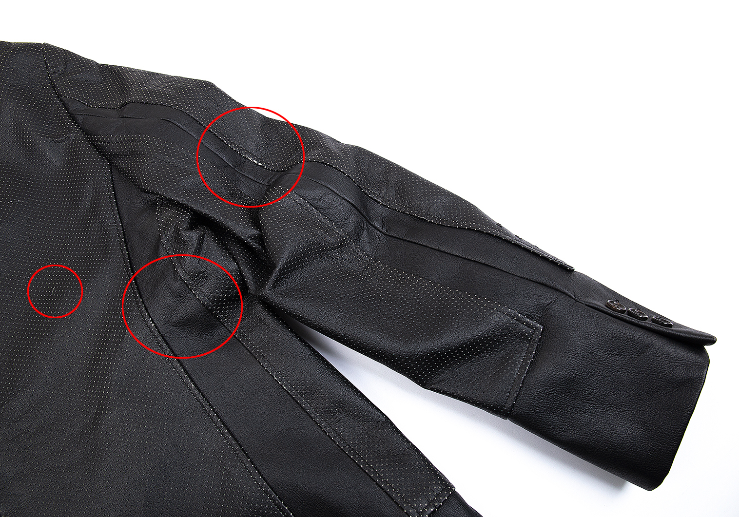 左袖先、後ろに擦れキズがあります(写真参照)。その他に目立ったシミ、汚れ、ほつれ等なくいい状態です。クリーニング済み
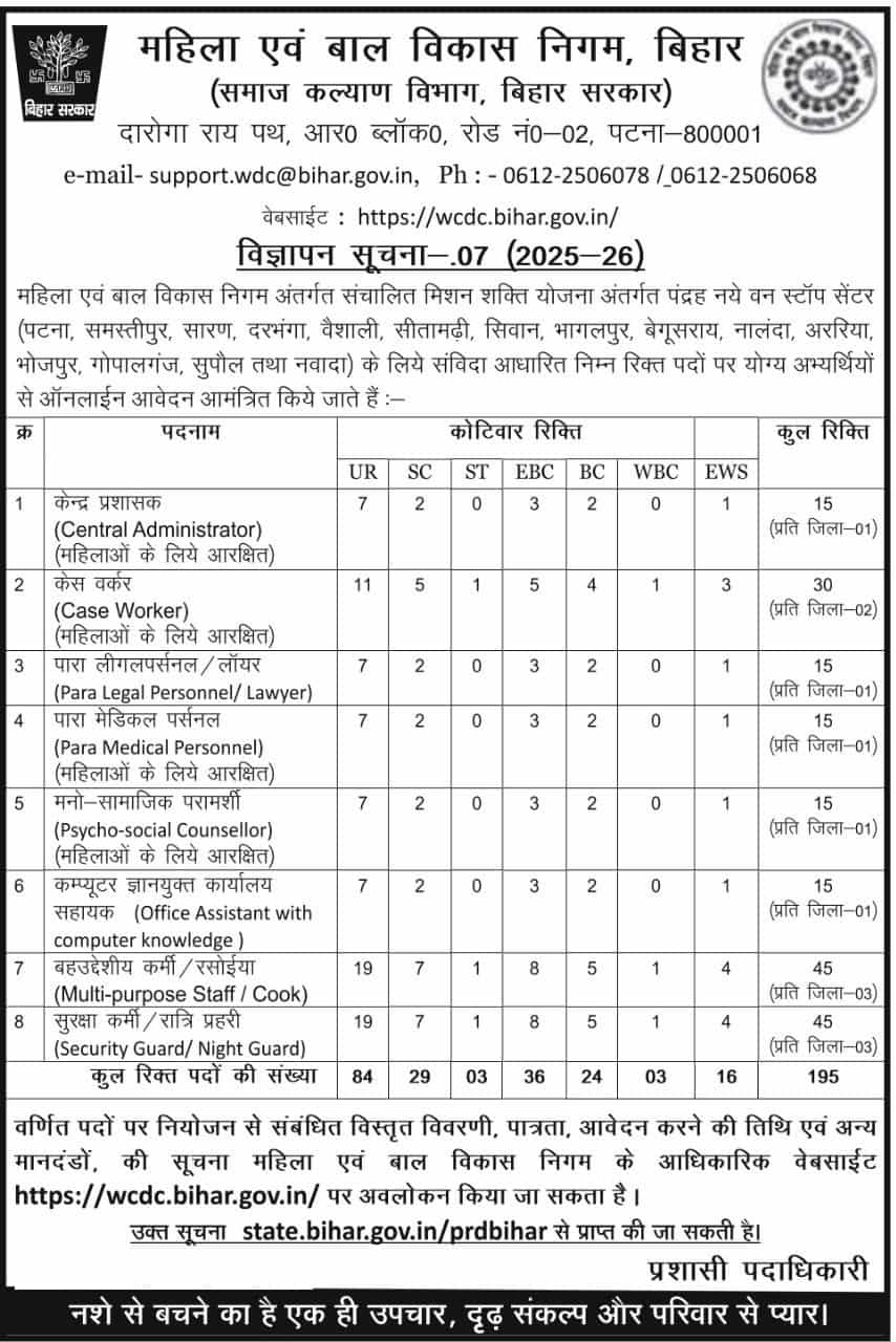 यह भर्ती महिला एवं बाल विकास निगम (WCDC Bihar) द्वारा निकाली गई है।
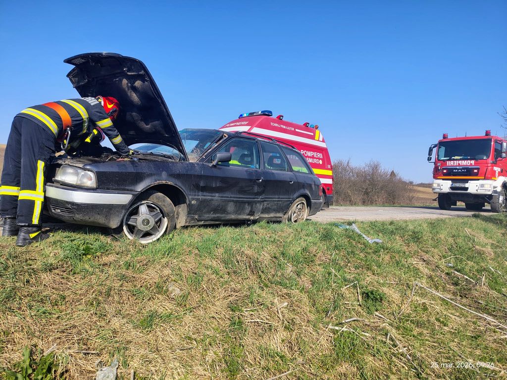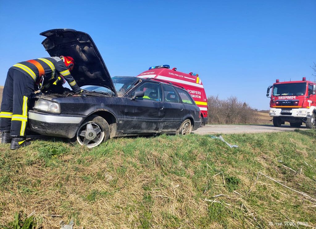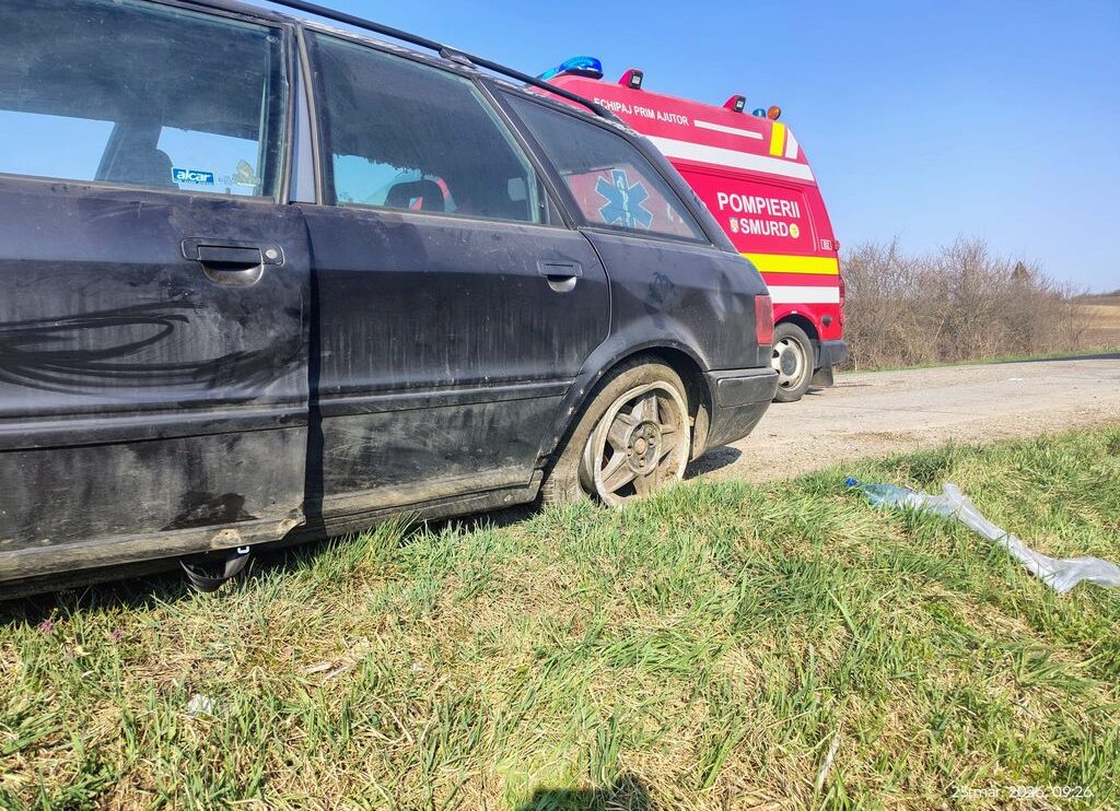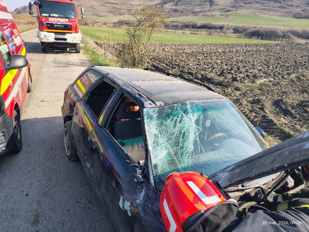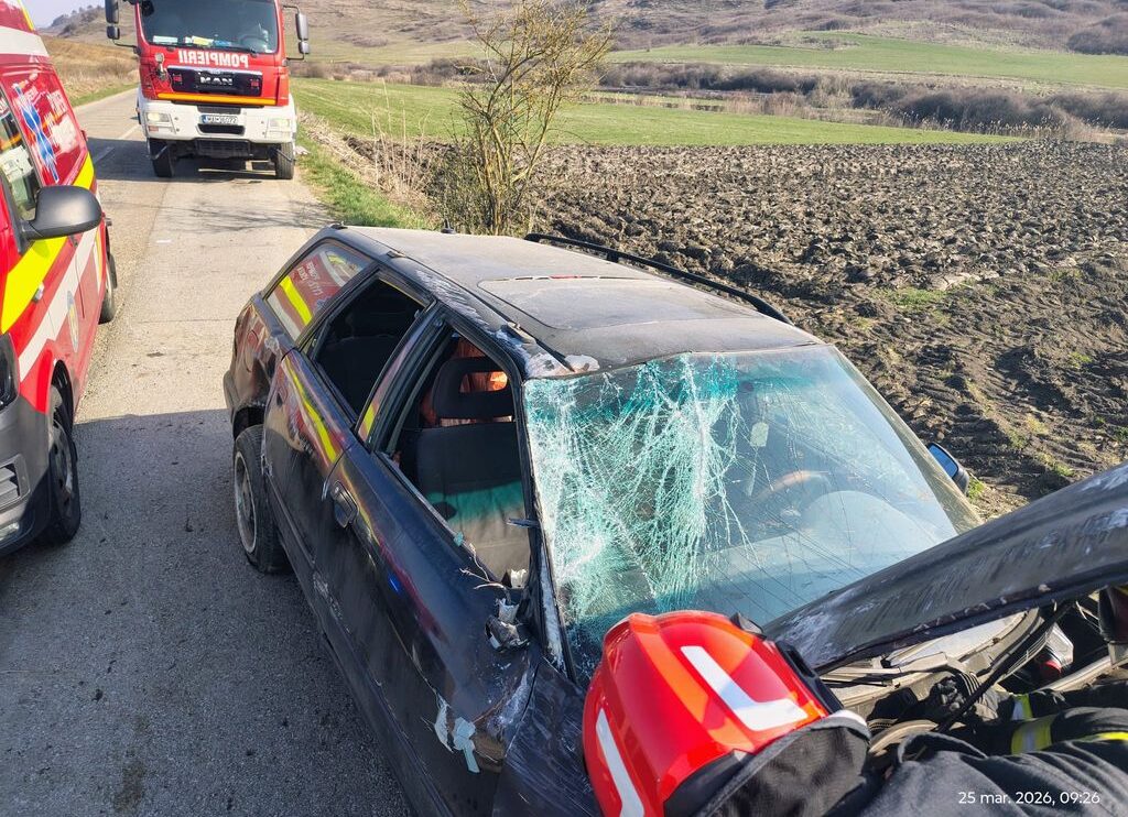 Un autoturism s-a răsturnat în afara părții carosabile pe DJ 151, între localitățile Sângeorzu Nou și Sânmihaiu de Câmpie.

- What is required -
Using the data above, print every line exactly, omitting pictures.

- Completed task -
 左袖先、後ろに擦れキズがあります(写真参照)。その他に目立ったシミ、汚れ、ほつれ等なくいい状態です。クリーニング済み
 यह भर्ती महिला एवं बाल विकास निगम (WCDC Bihar) द्वारा निकाली गई है।
 Un autoturism s-a răsturnat în afara părții carosabile pe DJ 151, între localitățile Sângeorzu Nou și Sânmihaiu de Câmpie.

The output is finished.